As such, the hero c-bets $11 into the $14.25 pot and watches the villain’s timing. The quicker his reaction, the more likely he is to have draws or weaker hands, which makes firing another barrel even more profitable. As it happens, the villain calls relatively quickly and the turn is the K♥.
The King almost never hits the villain’s range, as he tends to three-bet K-K and A-K preflop and would reraise A♦-K♦ on the flop a decent percentage of the time if he flat-called preflop with it. High offsuit cards are great cards to barrel, as the villain is likely to have a pure float and will fold a lot of draws, or call and fold a lot of rivers.
The final shot
Since a lot of his draws contain a combo such as pair plus flush draw or overcards plus a gutshot, we definitely need to fire a third barrel once we bet this turn. Judging by his preflop stats, he could be the type of player to call on the button loosely with A-x and would now be floating the flop with his overcards and gutshot draw.
Again we are thinking raw equity and fold equity. Our raw equity stays around the same (we have a marginal value hand out of position on a draw-heavy board) and our fold equity does not change much either – as mentioned, his draws can contain combos which means he is less likely to fold the turn no matter what it is. He will be folding floats and naked draws some of the time, so if he calls we can give him a narrower range of 6-6 through T-T and combo draws.

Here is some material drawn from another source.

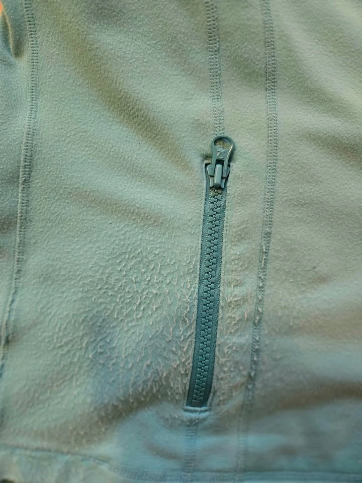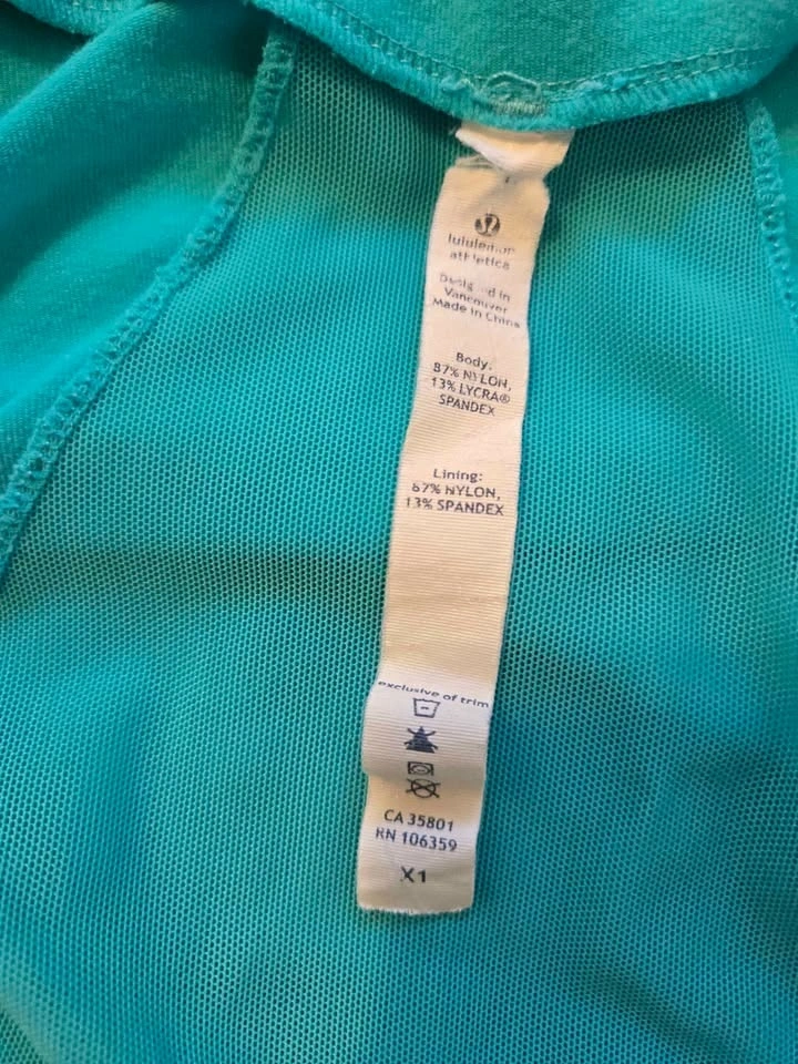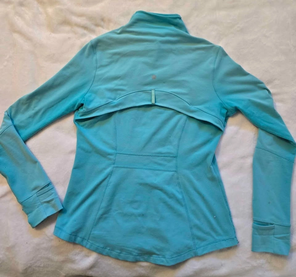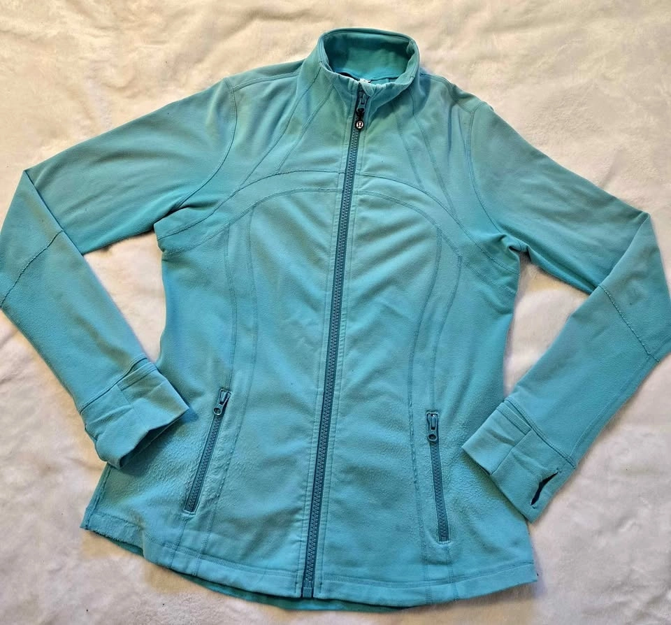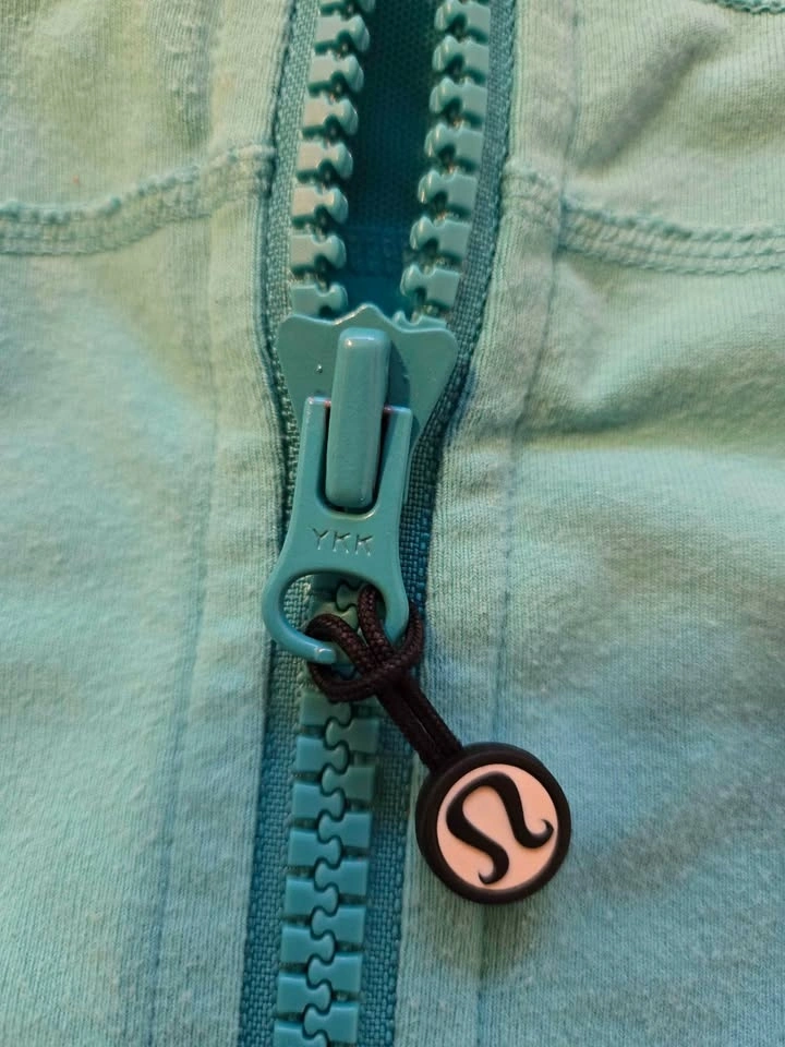 Lululemon full-zip jacket with zippered pockets. Thumb hole sleeves/cuffs. Nice turquoise colour.

Hero bets $28 into $35.15 and again is called relatively quickly. The river is the J♠, which is a tremendous river based on all the factors. It hits our perceived UTG opening range and it doesn’t help the villain’s wider range of draws and smaller pairs that now face two overcards on the board. The hero fires $60 into $90, which is a value-sized river bet, and the villain quickly folds.